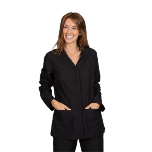 The AITANA long-sleeve medical tunic, made of antibacterial microfiber with SILVADUR™ technology, provides freshness, breathability, and a comfortable fit. Durable, washable at 90ºC, and hair-repellent, it is ideal for healthcare and professional environments.
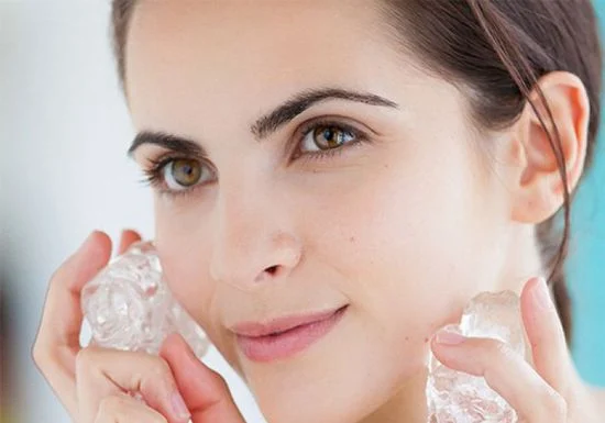 مرري مكعب الثلج على وجهك: حركي مكعب الثلج الملفوف على وجهك بحركات دائرية لطيفة لمدة 2-3 دقائق.
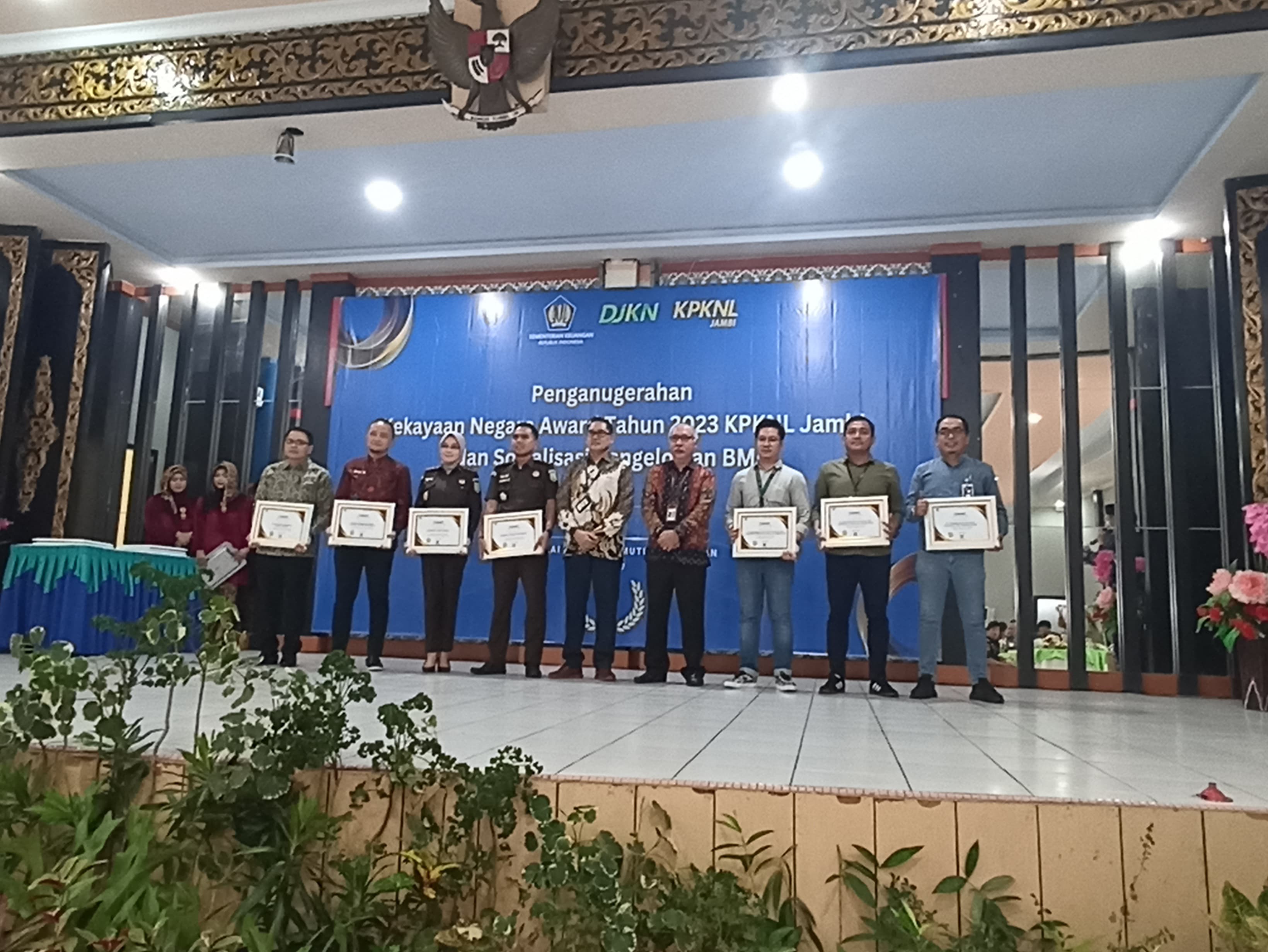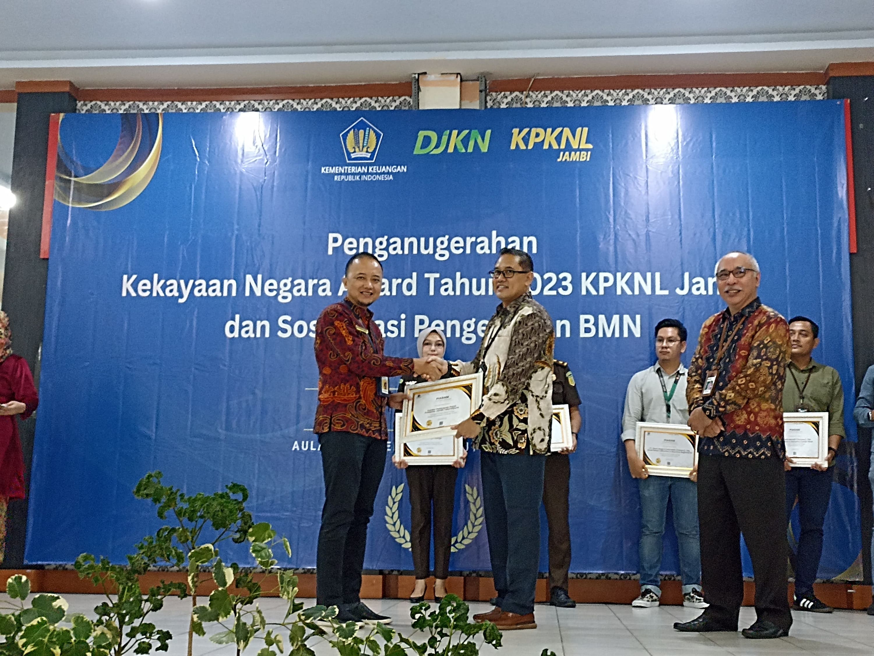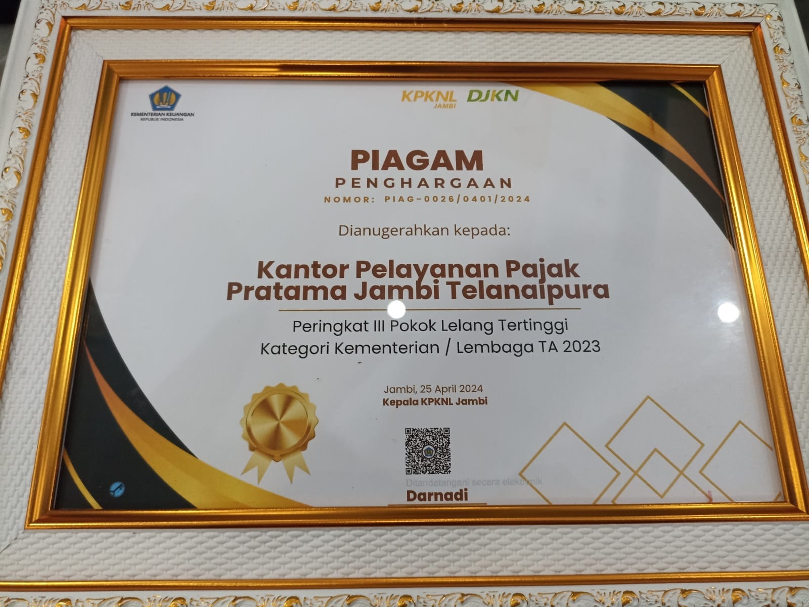 Kantor Pelayanan Pajak (KPP) Pratama Jambi Telanaipura menerima apresiasi dan penghargaan peringkat III kategori Pokok Lelang Tertinggi dalam acara Penganugerahan Kekayaan Negara Award Tahun 2023 yang diselenggarakan oleh Kantor Pelayanan Kekayaan Negara dan Lelang (KPKNL) Jambi (Kamis, 25/04). Acara tersebut berlangsung di Ruang Aula, Balai Penjaminan Mutu Pendidikan (BPMP), Jalan H.M. Yusuf Singadekane No. 31, Telanaipura, Kota Jambi.
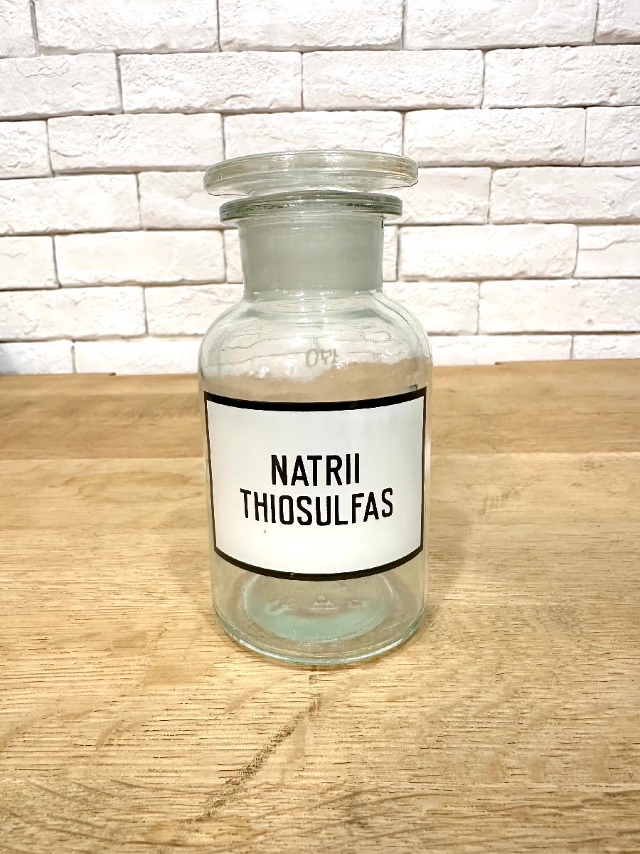 クリアガラスに、ブラックカラーでNATRII THIOSULFASの文字がデザインされた商品です。
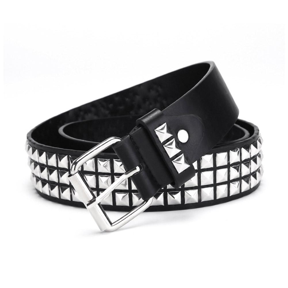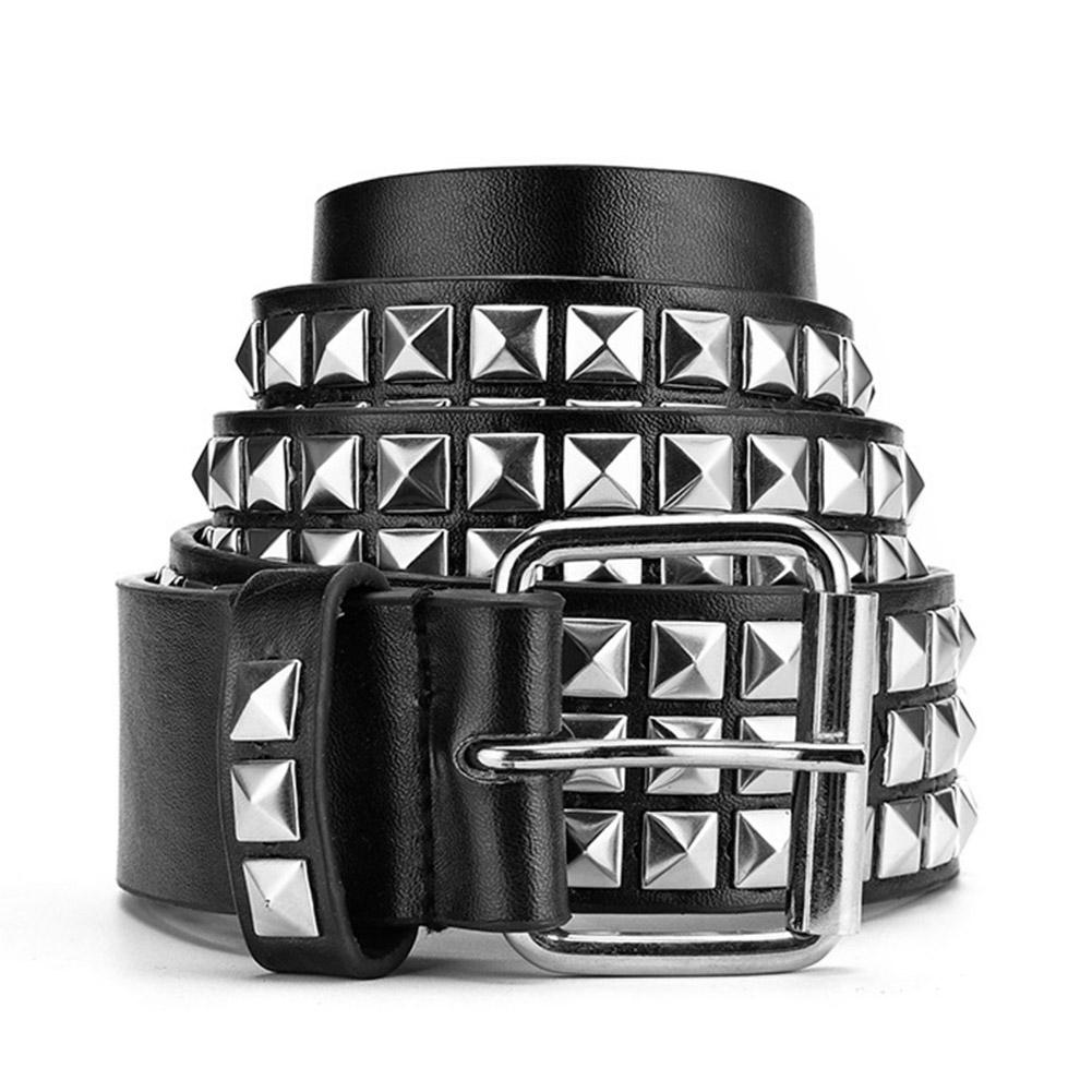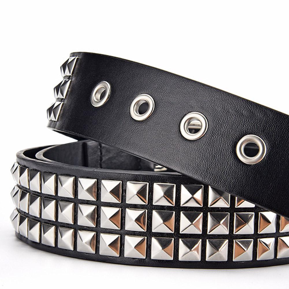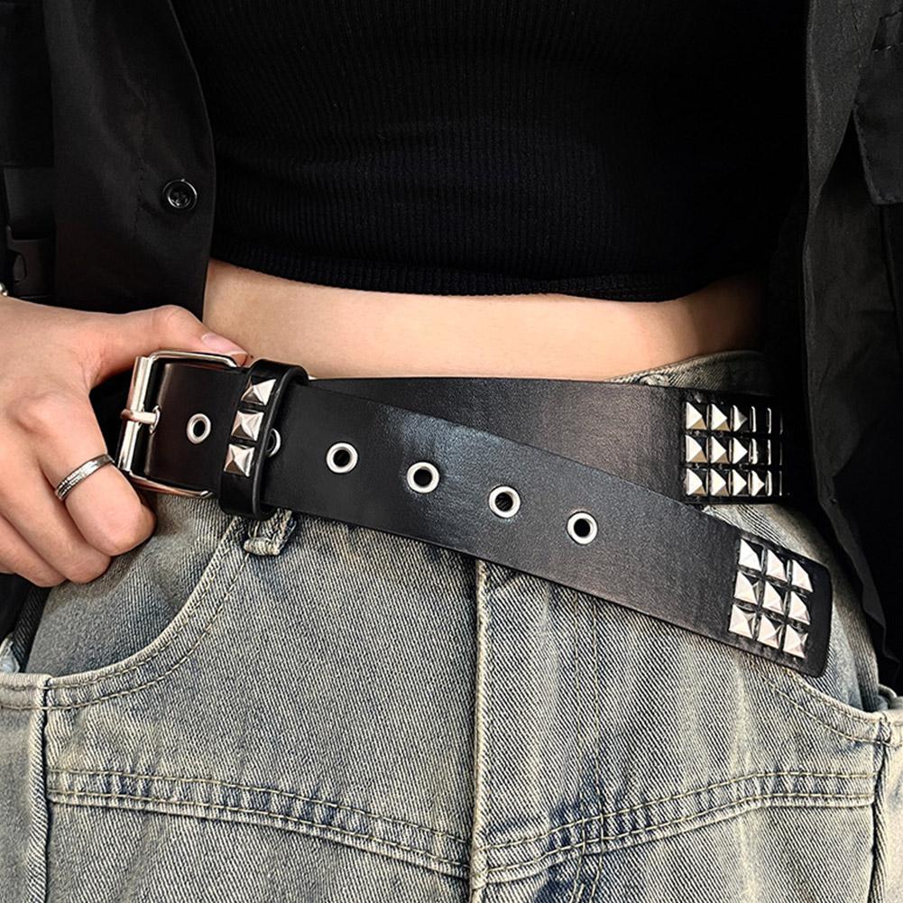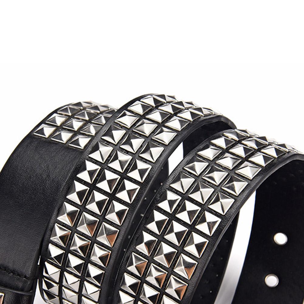 1. Unique Design: The Rivet Hollow Belt features a square bead rivet design, metal pyramid decoration, unique and stylish.
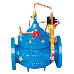 700X水泵控制阀由主阀4、针阀2、电磁向导阀7、单向阀6、球阀3、电器控制。压力等级:PN10、PN16、PN25 隔膜式:DN20-450,生产的700X水泵控制阀能够控制水泵的止回阀,当水泵停止运行前,由进口压力先关闭主阀的90%时,使水泵自动鼎峙,剩下的10%由回水关闭,可完全防止水锤现象产生,该适用于工矿企业、高层建筑中由水泵直接供水及生活用水管网系统。
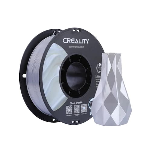 Filamento para impressora 3D CR SILK, ideal para quem busca qualidade de impressão e acabamento. A aparência de seda e alto brilho, visual diferente os modelos se destacam, superfície de impressão perolada e linda. Material ecológico e degradável. Enrolamento limpo e sem emaranhados. Verificado pela BFP (Better Filament Plan) compatível com impressoras Creality e com 99% das impressoras FDM do mercado.

· · · · · · ·

Your task is to give again, unchanged, the lines from the line that contains "Kantor Pelayanan Pajak" to the end of the records. Include both end lines but no pictures.

 Kantor Pelayanan Pajak (KPP) Pratama Jambi Telanaipura menerima apresiasi dan penghargaan peringkat III kategori Pokok Lelang Tertinggi dalam acara Penganugerahan Kekayaan Negara Award Tahun 2023 yang diselenggarakan oleh Kantor Pelayanan Kekayaan Negara dan Lelang (KPKNL) Jambi (Kamis, 25/04). Acara tersebut berlangsung di Ruang Aula, Balai Penjaminan Mutu Pendidikan (BPMP), Jalan H.M. Yusuf Singadekane No. 31, Telanaipura, Kota Jambi.
 クリアガラスに、ブラックカラーでNATRII THIOSULFASの文字がデザインされた商品です。
 1. Unique Design: The Rivet Hollow Belt features a square bead rivet design, metal pyramid decoration, unique and stylish.
 700X水泵控制阀由主阀4、针阀2、电磁向导阀7、单向阀6、球阀3、电器控制。压力等级:PN10、PN16、PN25 隔膜式:DN20-450,生产的700X水泵控制阀能够控制水泵的止回阀,当水泵停止运行前,由进口压力先关闭主阀的90%时,使水泵自动鼎峙,剩下的10%由回水关闭,可完全防止水锤现象产生,该适用于工矿企业、高层建筑中由水泵直接供水及生活用水管网系统。
 Filamento para impressora 3D CR SILK, ideal para quem busca qualidade de impressão e acabamento. A aparência de seda e alto brilho, visual diferente os modelos se destacam, superfície de impressão perolada e linda. Material ecológico e degradável. Enrolamento limpo e sem emaranhados. Verificado pela BFP (Better Filament Plan) compatível com impressoras Creality e com 99% das impressoras FDM do mercado.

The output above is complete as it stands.